Already pinched by rising rents and salaries, firms are finding it increasingly hard to recruit staff to countries like the United Arab Emirates, the Gulf trade hub where wages paid in the dollar-pegged dirham have eroded the value of remittances.
Inflation helped drive Indian journalist Stanley Carvalho to end a 10-year sojourn in the UAE this year to rejoin his family.
"The cost of living in the UAE, particularly Abu Dhabi, has been rising steadily, led by soaring house rents... Salaries haven't risen commensurately. So... if I had to move my family from India to the UAE, my savings would be meagre," he said.
"Also, as in the case of most Indians, we are hit by the rising Indian rupee against the U.S. dollar.

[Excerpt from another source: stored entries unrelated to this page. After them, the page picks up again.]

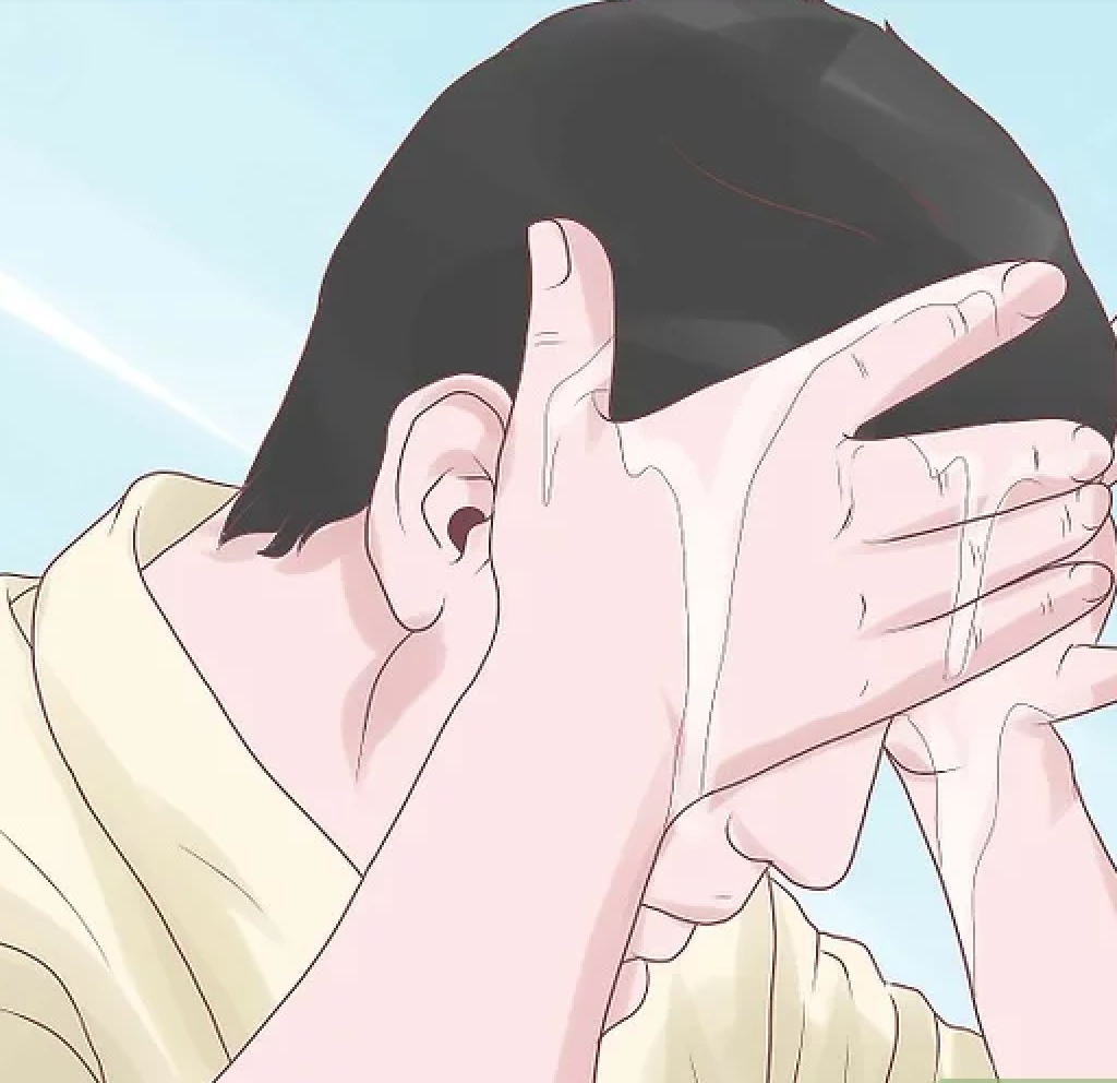With both hands, wash your face three times, from the hairline to the chin and from ear to ear, ensuring that every part of the face is covered.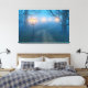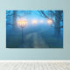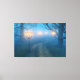 Quatro luzes brilhantes em quatro postes brilham através de uma neblina densa, iluminando um caminho de enrolamento através das sombras e faixas nuas de árvores de inverno.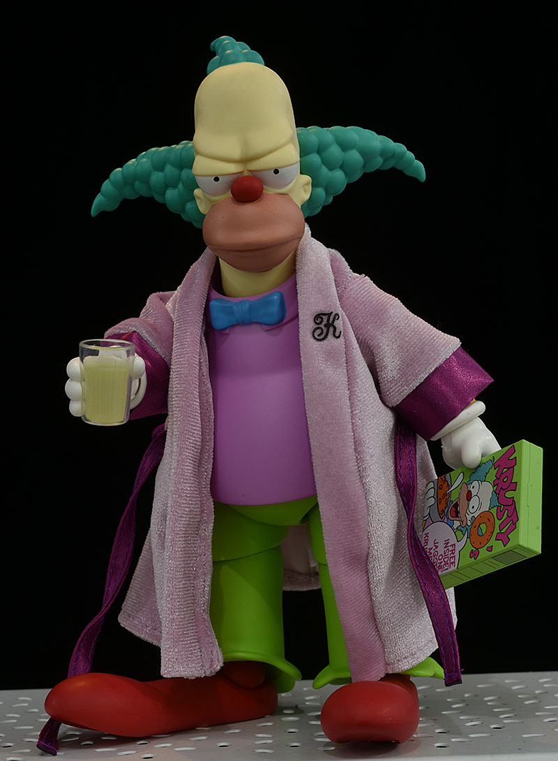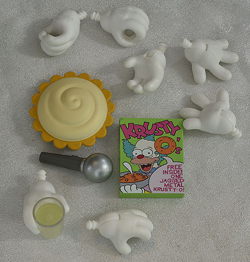Again, let's start with Krusty. He has seven extra hands, designed to work with various other accessories or specific poses. One is sculpted with a glass containing some liquid (they let you imagine what that is) in his grip. He has his much needed microphone, as well as a pie and a box of Krusty-O's. The detail work on the label for the cereal is very nicely done, and looks great. The best extra is one I hadn't expected I'd like - his cloth bathrobe. It fits great, and works perfectly with the one sullen head and glass holding hand. I wished we'd gotten a right hand with a cigarette, since that would have really completed the look, but I get why they decided against it.

Given the dirham's peg to the dollar, our remittances to India are now lower by at least 8 to 10 percent in value. A double whammy so to speak."
With economic growth of 9 percent, India now creates more jobs at better pay, prompting skilled workers to stay home.

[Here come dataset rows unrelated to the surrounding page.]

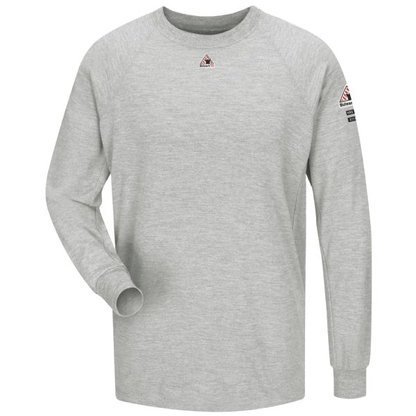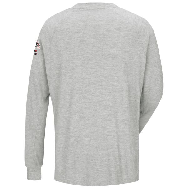 Full side seam gusset, Rib knit collar, Rib knit cuffs, Raglan sleeves for ease of movement, Tagless brand label and warning label, This flame-resistant garment meets the requirements of NFPA 2112, Standard on Flame-Resistant Garments for Protection of In. Flame-resistant, 6.5 oz. (220 g/m²) 45% Modacrylic / 35% Lyocell / 20% Aramid with moisture management finish. Industrial Wash. Arc Rating EBT 8.2 calories/cm².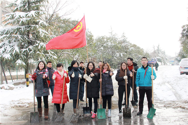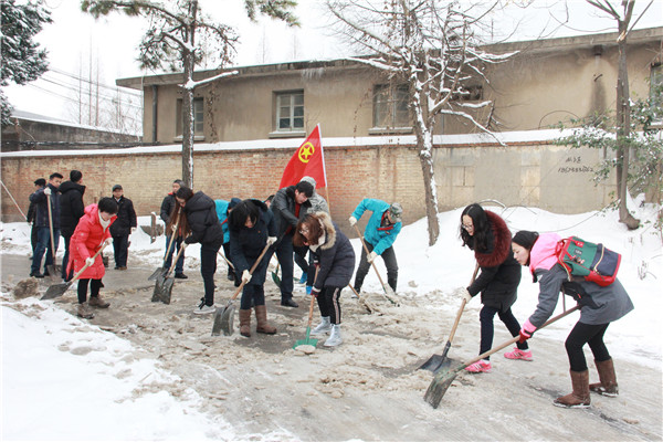 26日清晨,南京际华3521公司青年突击队以“雪”为令,在公司团委书记刘倩的带领下进行扫雪除冰活动。在清扫完公司内部路面之后又到外部市政道路上清除积雪,除雪现场团旗飘扬,青年突击队队员不畏严寒、分工合作,经过一个多小时的努力,很快将主要干道上覆盖的积雪清理完毕。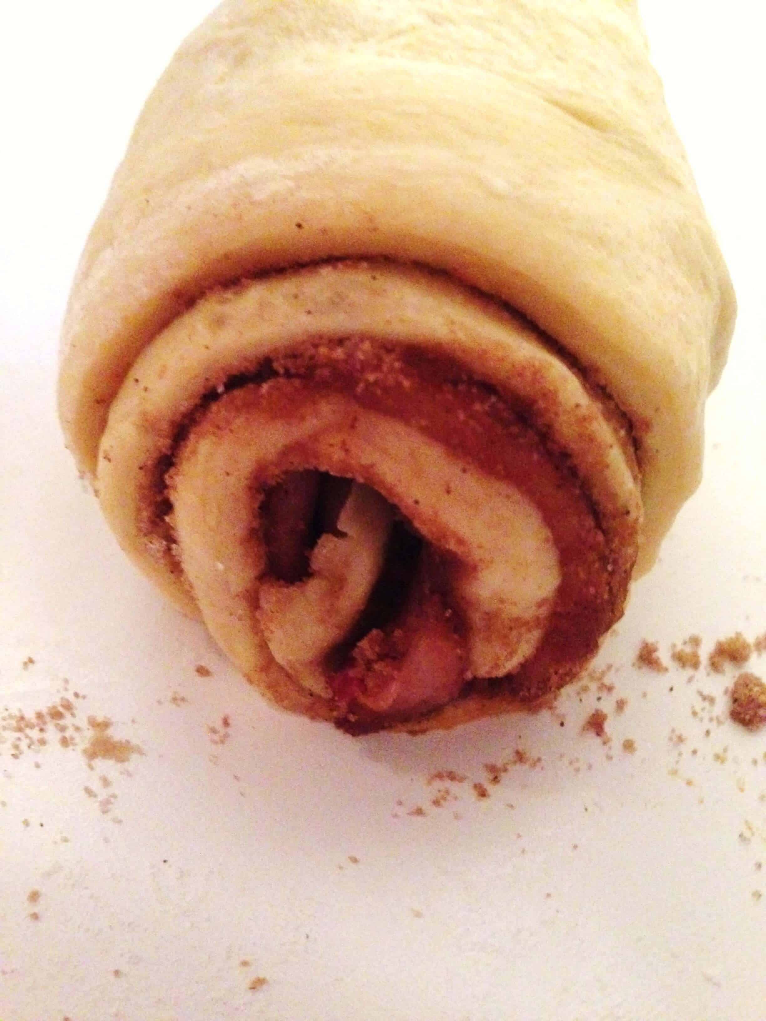 面团擀成一个紧日志,在底部平原面团整理到日志密封在一起。分数记录每1.5英寸,然后切片使用这些标记辊。确保使用锋利的刀。放辊与脂羊皮纸或箔衬的锅,留下约各辊之间一英寸。我让切割辊上升了一个小时,直到他们复活。
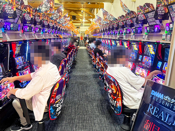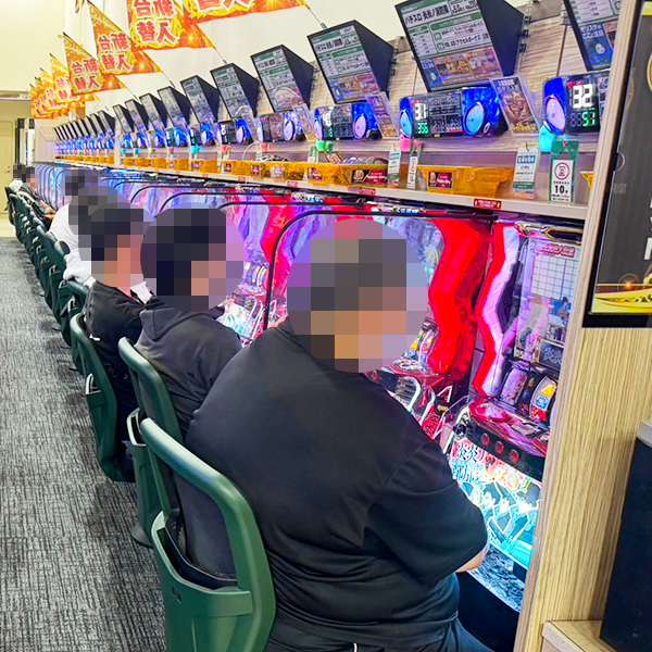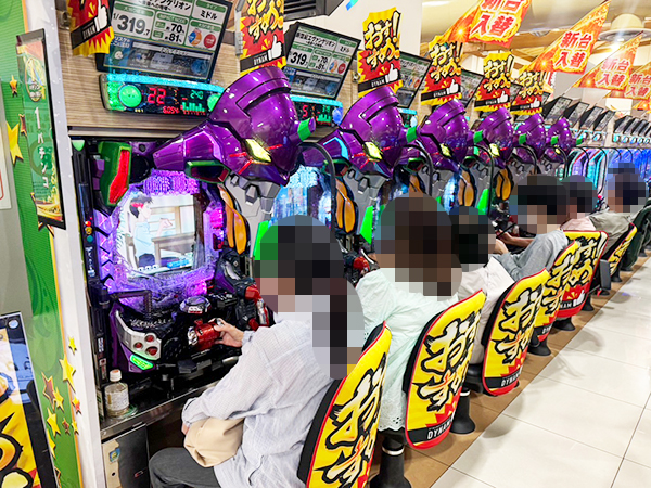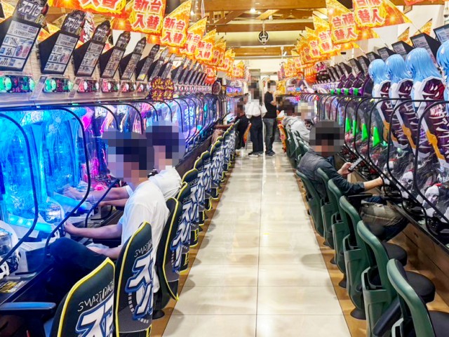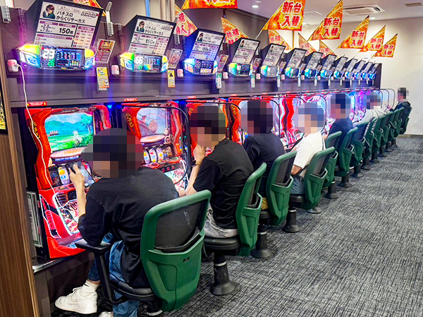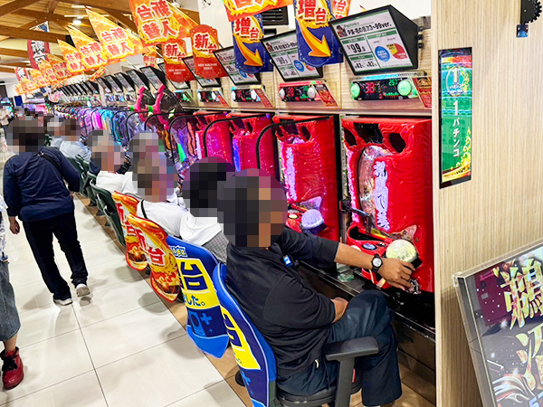 取材時は既に多くのプレイヤーが集結し、パチンコ・パチスロを問わずにぎやかな状況となっていた。

While Gulf Arab economies are reaping a windfall from a near seven-fold surge in oil prices since 2002, analysts say soaring inflation could undercut rapid economic growth.
"The pace of growth of the economy is going to be limited by inflation ... Qatar and the UAE have difficulty bringing in workers from India because their salaries will be eaten away by high inflation and high rent and they won't be able to send money home," said one Middle East consultant.

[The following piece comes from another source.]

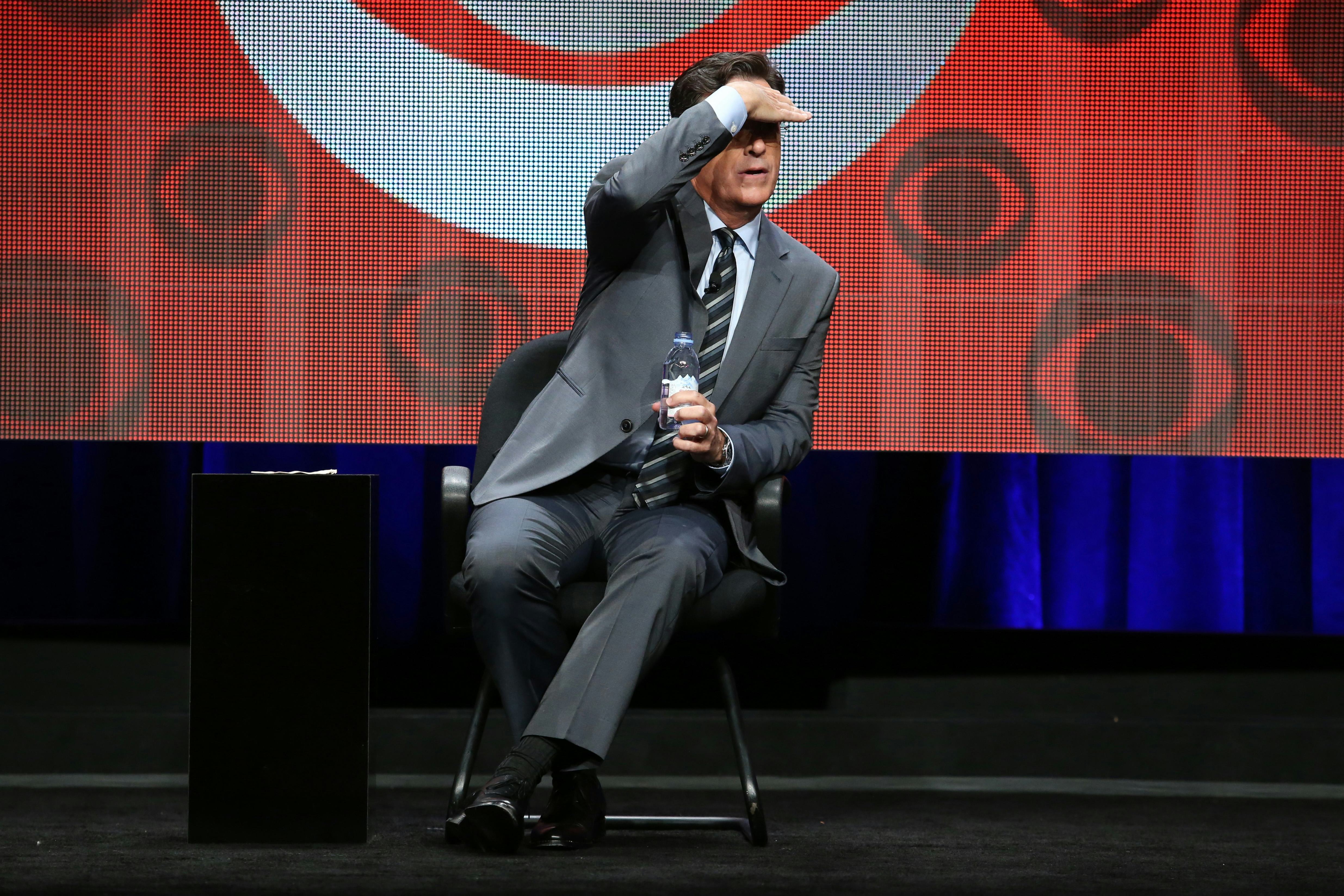 That's what is so great about Colbert: even when he was deep in his ridiculous, conservative, egomaniacal character on The Colbert Report, his inner fanboy always came out when he interviewed people he truly admired and respected. Colbert has many passions: politics, music, theater, comedy, God, science, books, fantasy worlds — and he invited all kinds of guests to his stage, and thankfully he's brought that same humanist eclecticism to The Late Show. He gets excited about other people's talents, and his reverence goes further: the musical guests Jon Batiste and Stay Human first appeared on The Colbert Report in 2014, and the host was so impressed by them that he asked Batiste to be the leader of his house band on The Late Show.

In the UAE, foreigners comprise over 80 percent of the population, which includes 1.5 million Indians alone. Migrant workers dominate the population in Qatar and Kuwait too.
Manual labourers are feeling the pinch most acutely, their wages now scarcely enough to feed families back home. Last year, the mainly Indian and Pakistani labourers building the sky-scrapers of Dubai rioted to demand more cash.
Yet inflation, particularly in rents, is making life harder even for Western white-collar workers who came to Dubai to save.
"The price I am paying I could live in central London," said Henry Charles, a Dubai-based British business consultant. "It's eroded the financial incentives to move here. I've had to dip into savings at various times to meet rent cheques."
"It works out for people who get a housing allowance that reflects the rental market but in my case my housing allowance doesn't cover the cost of renting a room in a shared villa," he said.
Expatriate parents say school fees are rising fast too and Middle East employment portal Bayt.com found almost two-thirds of employees in the Middle East and North Africa think their salaries are not rising fast enough to keep up with inflation.
Rental increases have forced Qatar, Oman and the UAE to impose rent caps. The UAE government has also agreed with some supermarket chains to freeze prices on a range of foodstuffs. Expatriates worry that plans to introduce value added tax across the Gulf by 2012, and talk of a tax on luxury goods ranging from yachts to cigarettes, could tip the balance.
The saving grace for Gulf countries, say expatriates, is that inflation is biting just as hard elsewhere. Even after the credit crunch, British property prices and taxes are daunting to many Britons who enjoy the sun and glamour of Dubai.
"It is getting more expensive. You are not saving any extra money. I pretty much live hand to mouth," said Tariq Ali, a British car salesman who moved to Dubai in 2004.
"On the other hand I could not afford a big flat with a pool and gym in central London like I can here."